[DATASET SECTION — start]
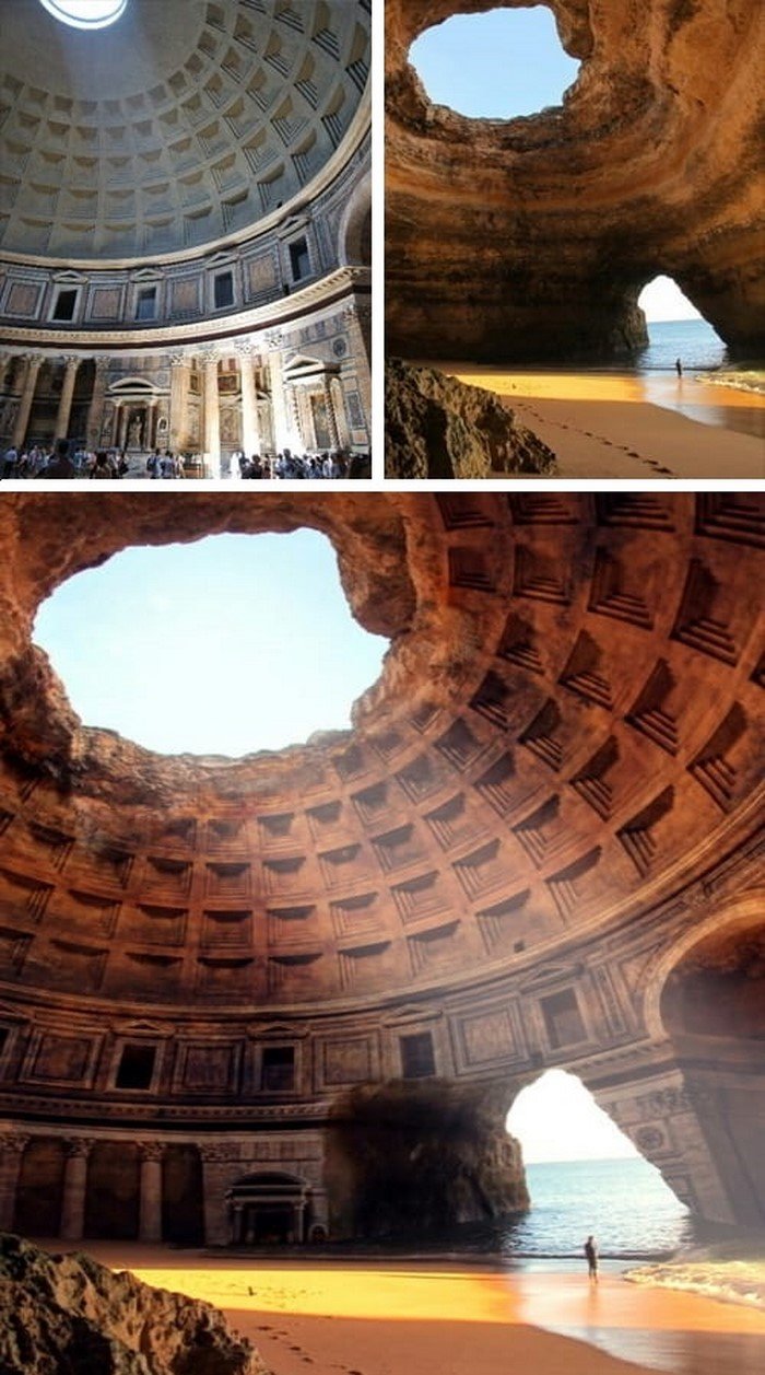 Ну а на фотографии ниже ты можешь увидеть, как создавали новость о «затерянном храме Лисистраты». Неведомый шутник взял снимок римского Пантеона, совместил его с фото из пещеры Альгар-де-Бенагил, что в Испании, и получил невозможно красивый кадр с древним храмом. Право, жаль, что храм этот существует исключительно в воображении какого-то юмориста!
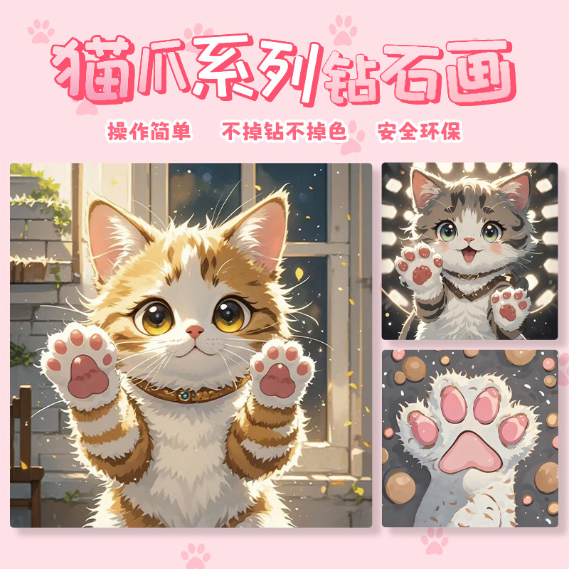 猫のダイヤモンドペインティングDIY、手作りで全面にダイヤモンドを貼る装飾画、子供の癒しと集中力育成、可愛いペットシリーズ
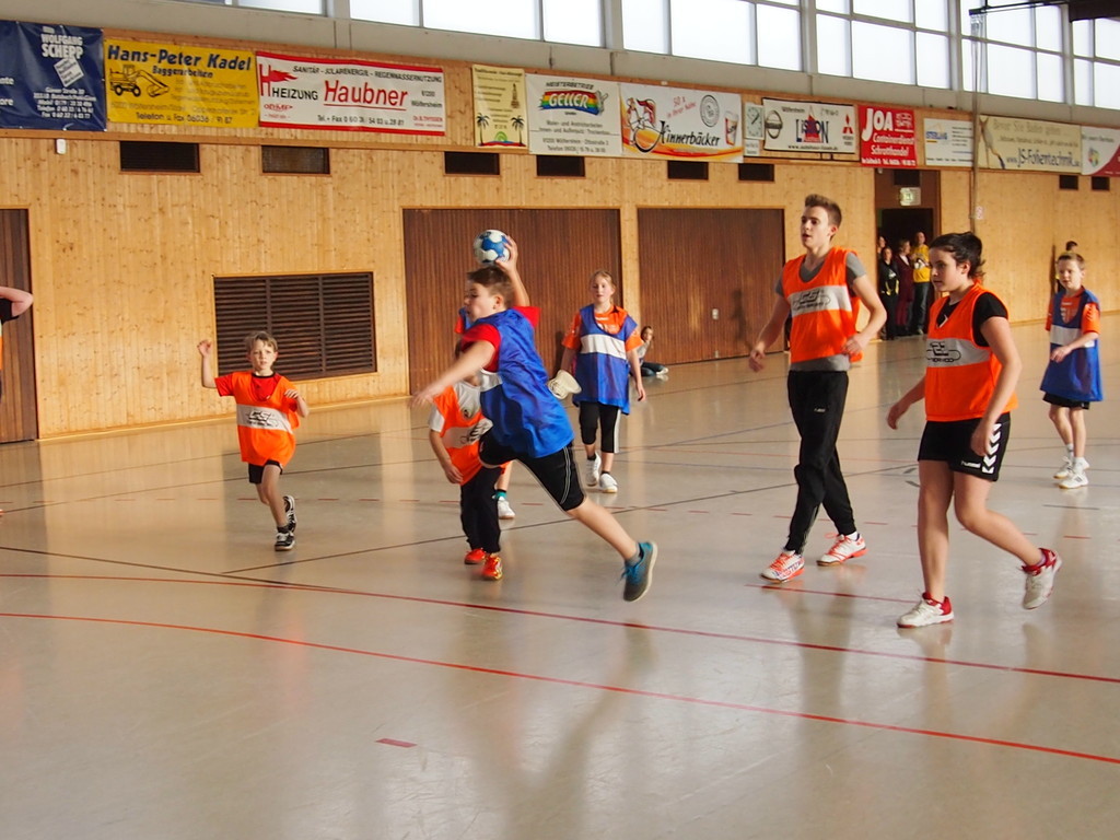 Im ersten Spiel traf die heimische JSG auf die Mannschaft aus Bieber. Von Beginn an spielte man konzentriert und lies kaum Chancen des Gegners zu. Im Angriff wurde gefällig kombiniert und so konnte man bis zur Pause (Spielzeit 2x12 Min.) eine 5:1 Führung herausspielen. Nach dem Wechsel kam das Angriffsspiel der HSG etwas ins Stocken. Bieber konnte schnell auf 5:4 verkürzen, doch konnte man wieder kontern am Ende mit 8:5 das erste Spiel gewinnen.
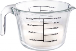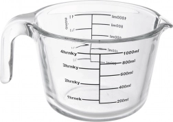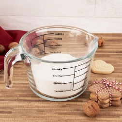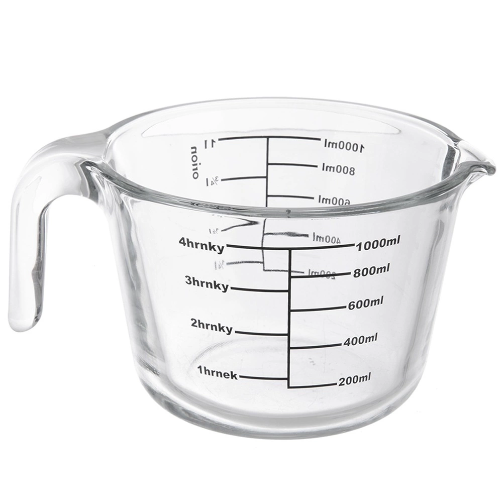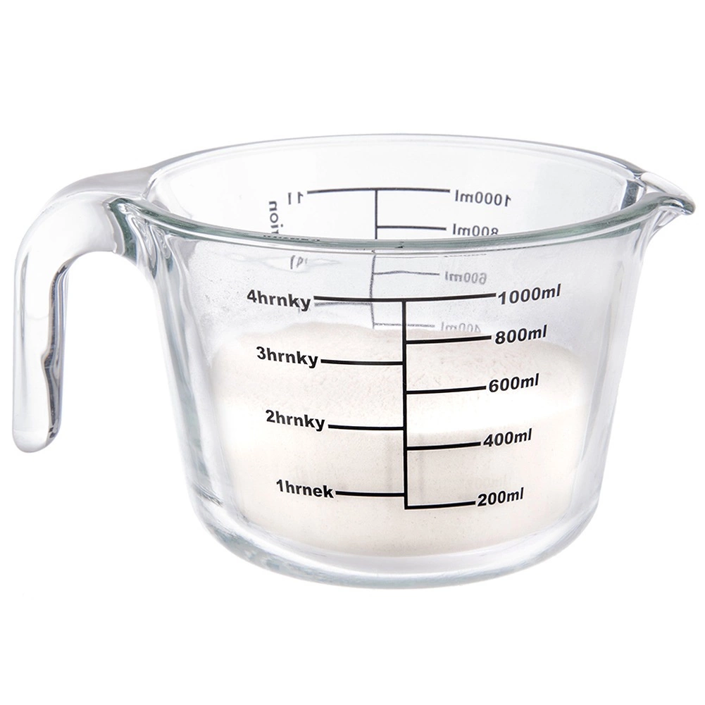 Målebægeret måler i milliliter fra 200 til 1000 ml (i trin på 200 ml), i liter fra 1/4 l til 1 l og i kopper fra 1 til 4. Det robuste borosilikatglas tåler ekstreme temperaturforskelle, så målebægeret kan komme i køleskab, mikrobølgeovn og ovn.
[DATASET SECTION — finish]
TASK DIRECTIONS
Write out every line above exactly, minus images.

OUTPUT FOR THIS TASK
 Ну а на фотографии ниже ты можешь увидеть, как создавали новость о «затерянном храме Лисистраты». Неведомый шутник взял снимок римского Пантеона, совместил его с фото из пещеры Альгар-де-Бенагил, что в Испании, и получил невозможно красивый кадр с древним храмом. Право, жаль, что храм этот существует исключительно в воображении какого-то юмориста!
 猫のダイヤモンドペインティングDIY、手作りで全面にダイヤモンドを貼る装飾画、子供の癒しと集中力育成、可愛いペットシリーズ
 Im ersten Spiel traf die heimische JSG auf die Mannschaft aus Bieber. Von Beginn an spielte man konzentriert und lies kaum Chancen des Gegners zu. Im Angriff wurde gefällig kombiniert und so konnte man bis zur Pause (Spielzeit 2x12 Min.) eine 5:1 Führung herausspielen. Nach dem Wechsel kam das Angriffsspiel der HSG etwas ins Stocken. Bieber konnte schnell auf 5:4 verkürzen, doch konnte man wieder kontern am Ende mit 8:5 das erste Spiel gewinnen.
 Målebægeret måler i milliliter fra 200 til 1000 ml (i trin på 200 ml), i liter fra 1/4 l til 1 l og i kopper fra 1 til 4. Det robuste borosilikatglas tåler ekstreme temperaturforskelle, så målebægeret kan komme i køleskab, mikrobølgeovn og ovn.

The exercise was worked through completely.